++++ Recorded information

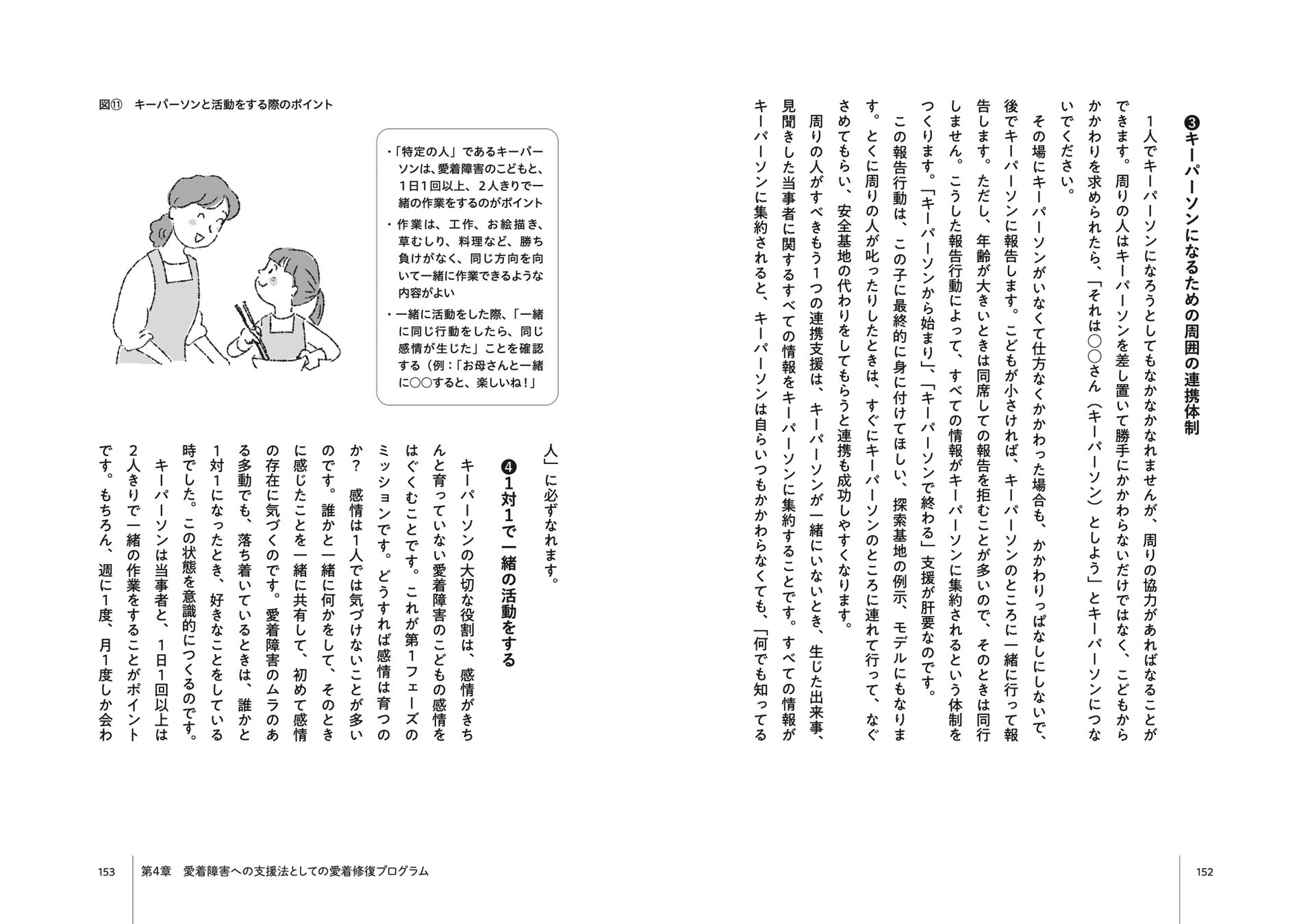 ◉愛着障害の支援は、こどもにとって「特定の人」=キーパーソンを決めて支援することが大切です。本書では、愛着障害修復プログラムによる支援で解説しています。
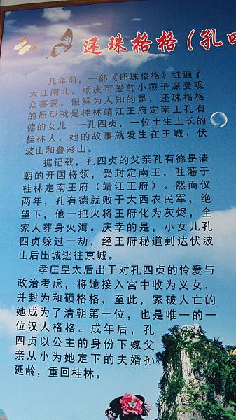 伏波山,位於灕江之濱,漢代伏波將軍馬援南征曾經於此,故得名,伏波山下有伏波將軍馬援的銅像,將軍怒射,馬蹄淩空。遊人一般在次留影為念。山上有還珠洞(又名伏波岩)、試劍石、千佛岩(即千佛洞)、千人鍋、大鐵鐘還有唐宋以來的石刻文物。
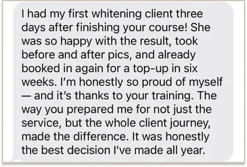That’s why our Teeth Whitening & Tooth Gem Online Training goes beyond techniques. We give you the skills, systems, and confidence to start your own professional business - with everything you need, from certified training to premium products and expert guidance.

++++++++

> Task brief
A verbatim copy of the listing is required, with all pictures left out.

> Exercise answer
 ◉愛着障害の支援は、こどもにとって「特定の人」=キーパーソンを決めて支援することが大切です。本書では、愛着障害修復プログラムによる支援で解説しています。
 伏波山,位於灕江之濱,漢代伏波將軍馬援南征曾經於此,故得名,伏波山下有伏波將軍馬援的銅像,將軍怒射,馬蹄淩空。遊人一般在次留影為念。山上有還珠洞(又名伏波岩)、試劍石、千佛岩(即千佛洞)、千人鍋、大鐵鐘還有唐宋以來的石刻文物。
That’s why our Teeth Whitening & Tooth Gem Online Training goes beyond techniques. We give you the skills, systems, and confidence to start your own professional business - with everything you need, from certified training to premium products and expert guidance.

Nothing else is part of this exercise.